Azure Azure design checklist example

Azure Azure design checklist example
For Azure, write the design in four lines:
1. Resource group and region
2. Identity or role allowed to manage it
3. Network or access boundary
4. Diagnostic log, metric, budget, or alert that proves it is healthy
Key Takeaways
  • Every production app should have metrics, logs, alerts, and an owner.
  • Diagnostic settings should send important logs to Log Analytics.
  • Application Insights should track application-level exceptions and dependencies.
  • Alerts should be tested and connected to action groups.
  • Explain the purpose of Azure in your own words.
  • Run or trace a small Azure example for Azure.
  • Test a normal case, a boundary case, and a broken case.
  • Verify the result with visible output, logs, metrics, compiler feedback, or a table.
  • Summarize the common mistake and the correction.
Common Mistakes to Avoid
WRONG Only watch CPU.
RIGHT Watch user-facing errors, latency, and dependency health.
CPU can look fine while customers receive errors.
WRONG Keep all logs forever.
RIGHT Set retention based on debugging and compliance needs.
Log retention affects cost.
WRONG Learning Azure only as a term.
RIGHT Learn it through a working example, a boundary case, and a failure case.
Concept plus behavior is easier to remember than definition alone.
WRONG Skipping verification.
RIGHT Always check output, state, logs, metrics, query results, or compiler feedback.
Verification turns confidence into evidence.
WRONG Changing many things at once while debugging.
RIGHT Change one setting, input, or line, then inspect the result.
Small changes reveal the real cause.

Practice Tasks

  • Enable diagnostic settings for one Azure resource.
  • Run a KQL query that counts recent errors.
  • Create a metric alert and route it to an action group.
  • Create a small demo that shows Azure clearly.
  • Add one edge case and write the expected result before running it.
  • Break the demo intentionally and document the error symptom.
  • Fix the broken version and explain why the fix works.

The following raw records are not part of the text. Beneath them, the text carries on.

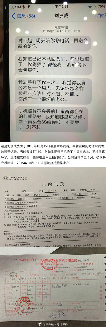 10张林苗在声明中说到,15年10月,刘洲成对怀孕3个月的她实施家暴,导致其腹痛,然后小产。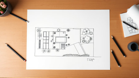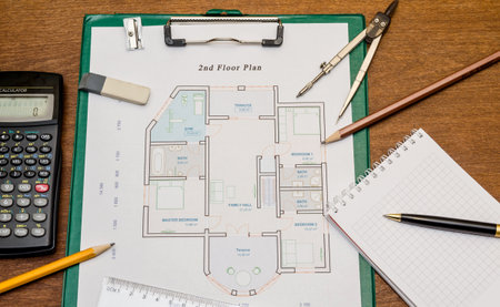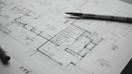 A close-up shot of a detailed floor plan drawing on a drafting table, with other tools and papers surrounding it. The drawing is of a buildings interior layout with several rooms and doors. The lighting in the image suggests a sunny day, casting shadows on the paper and surrounding items.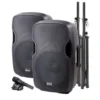 f you’re looking for a complete dual-speaker PA package, then you’ve come to the right place. Our PA-SYS15 can deliver over 2,000 watts of peak output through one active and one passive speaker. We’ve packed features like Bluetooth streaming, FM radio, and built-in EQ, into a conveniently lightweight and portable package. The collapsible, stainless steel, tripod speaker stands help amplify both speakers and are easy to set up and take down. This is the perfect PA package for any event!

Frequently Asked Questions

Log Analytics is the workspace and query experience for storing and analyzing Azure Monitor logs with KQL.

It is best for application performance monitoring, request tracing, dependency tracking, and exception analysis.

Start with one tiny example, trace every step, then compare it with a broken version.

Verify the visible result: output, state, log entry, metric, query result, compiler feedback, or rendered behavior.

It often combines vocabulary with behavior. The confusion drops when you trace the input, rule, result, and failure path.